User-Friendly Streamlit Interface for Complex Analytics: Provided a powerful yet intuitive Streamlit dashboard on EC2, enabling clinical users to easily visualize complex evaluation data and understand LLM performance without deep technical expertise.

What we learned

Building ClinicalCompass reinforced several key lessons:

Serverless Prowess and Pitfalls: AWS Lambda provides incredible scalability and cost-efficiency, but effective management of cold starts, concurrency, and complex dependency layers is crucial for performance-sensitive applications.
Event-Driven Architectures are Key to AWS Lambda Microservices: EventBridge proved indispensable for decoupling services and orchestrating complex workflows, enhancing system flexibility and resilience.
Data Integrity and Security are Non-Negotiable: In healthcare, a "security-first" mindset must permeate every architectural decision, from data storage to inter-service communication.
User Experience Matters Immensely for Adoption: Presenting complex AI evaluation results in an intuitive and actionable manner via Streamlit was critical for gaining user trust and driving adoption among clinical professionals.

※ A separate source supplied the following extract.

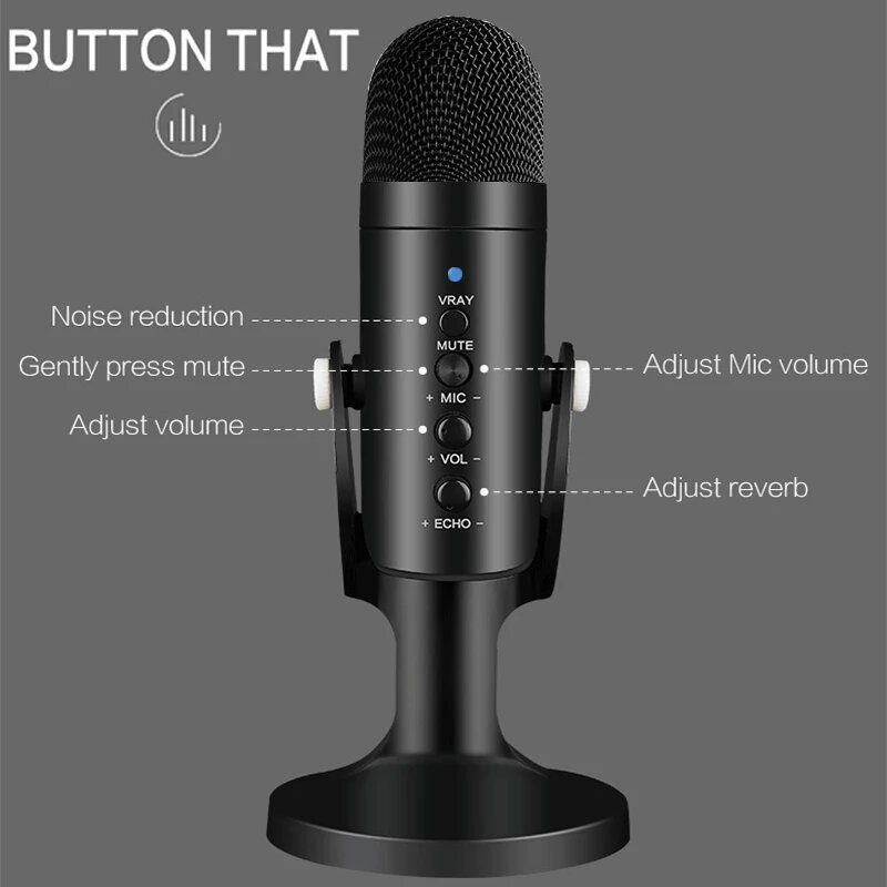 Bouton de sourdine physique pour reduire le taux de dysfonctionnement en evitant de toucher par inadvertance, reponse instantanee par declenchement, est utile lorsqu'une situation d'urgence comme la toux ou le reniflement se produit. Motif de prise de vue Cardiod pour se rapprocher un peu plus de la source sonore contre laquelle elle fait face et capturer la partie la plus douce de la vibration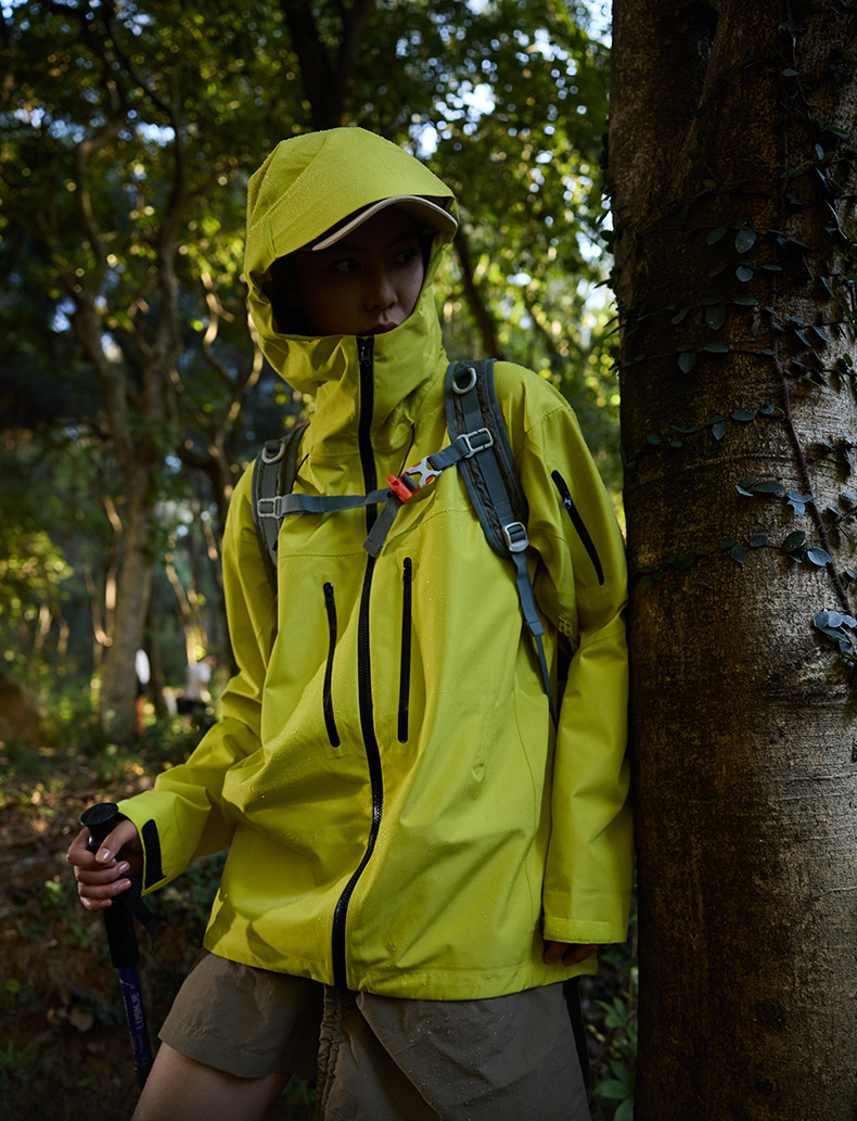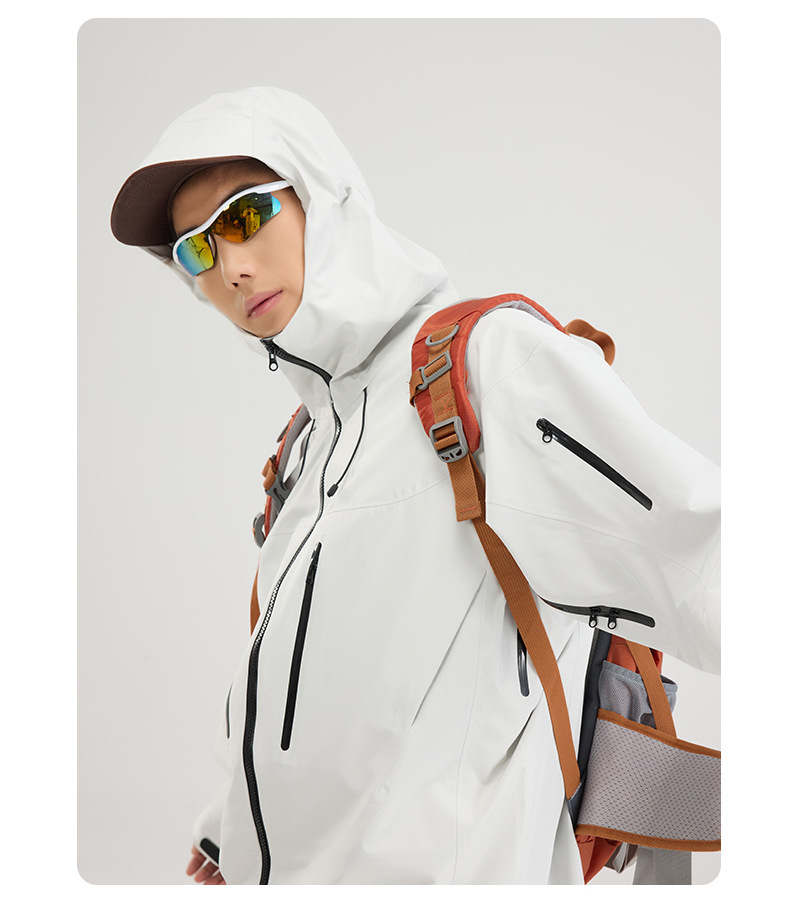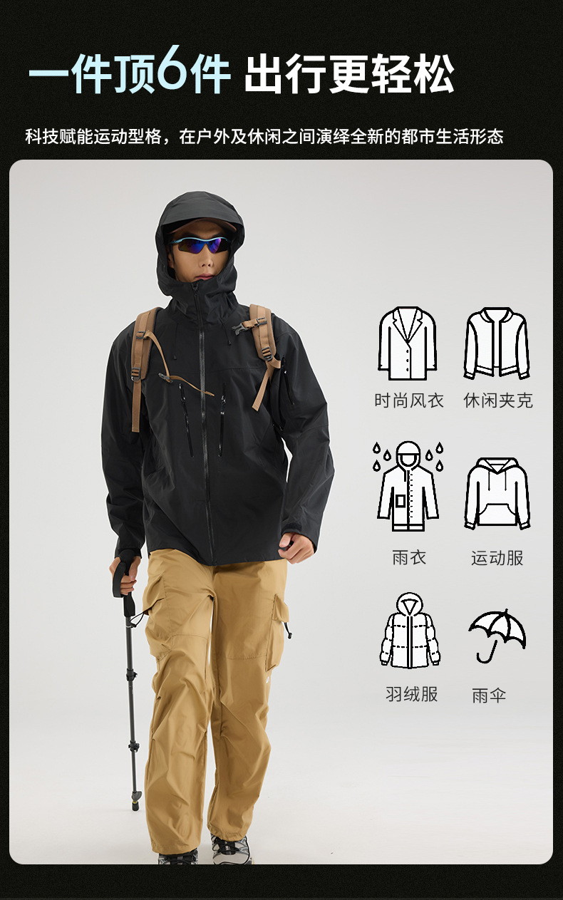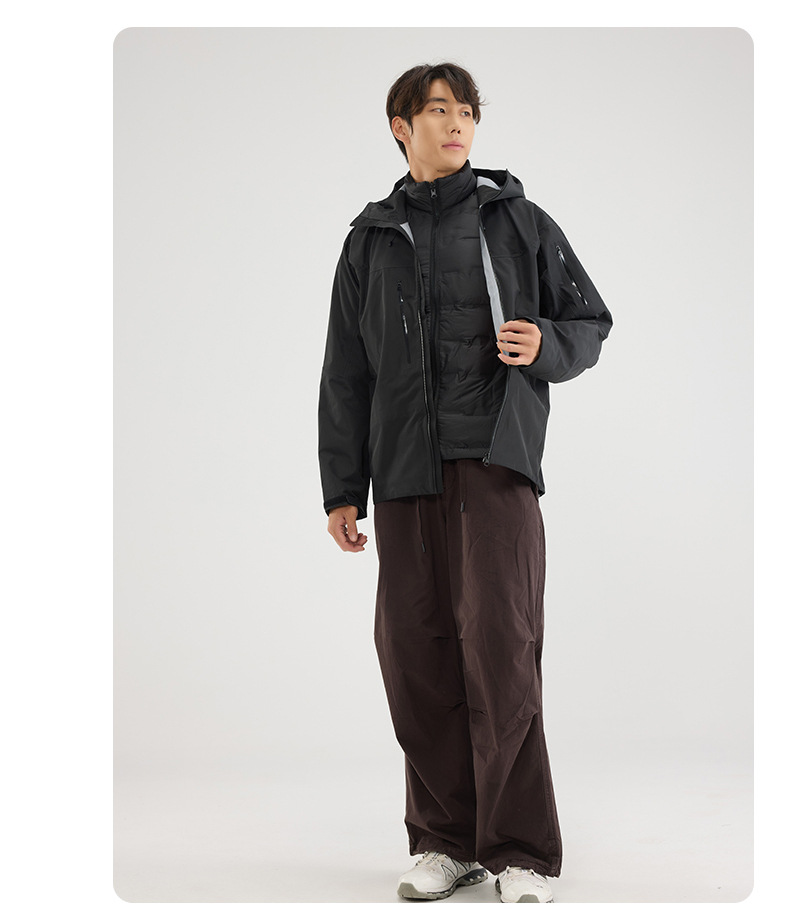 Bird Family Mismo estilo completamente sellado en caliente para hombres y mujeres ropa de montañismo al aire libre Chaqueta de plumón de tres a prueba de explosiones Chaqueta de caparazón duro con capucha

What's next for ClinicalCompass

The future of ClinicalCompass is bright, with several exciting developments planned:

Expanded LLM Integration and Optimized Invocation: We plan to continuously integrate and evaluate new and emerging LLM models, including specialized medical LLMs ensuring adaptability to the evolving AI landscape.
Secure EHR System Connectivity: Developing secure and compliant connectors for Electronic Health Record (EHR) systems is a key next step, for real-time, in-context evaluation directly from clinical data.
Advanced Explainability Microservices: We will incorporate granular Explainable AI functionalities by developing new Lambda-driven microservices. These services will process and store deeper insights into evaluation scores, enhancing user understanding of LLM performance.
Dynamic Customizable Evaluation Workflows: Empowering users to define and configure custom evaluation workflows and weighting for metrics is a priority. This will be implemented through flexible AWS Lambda functions dynamically triggered by AWS EventBridge, allowing for highly tailored assessments based on unique clinical needs and risk tolerance.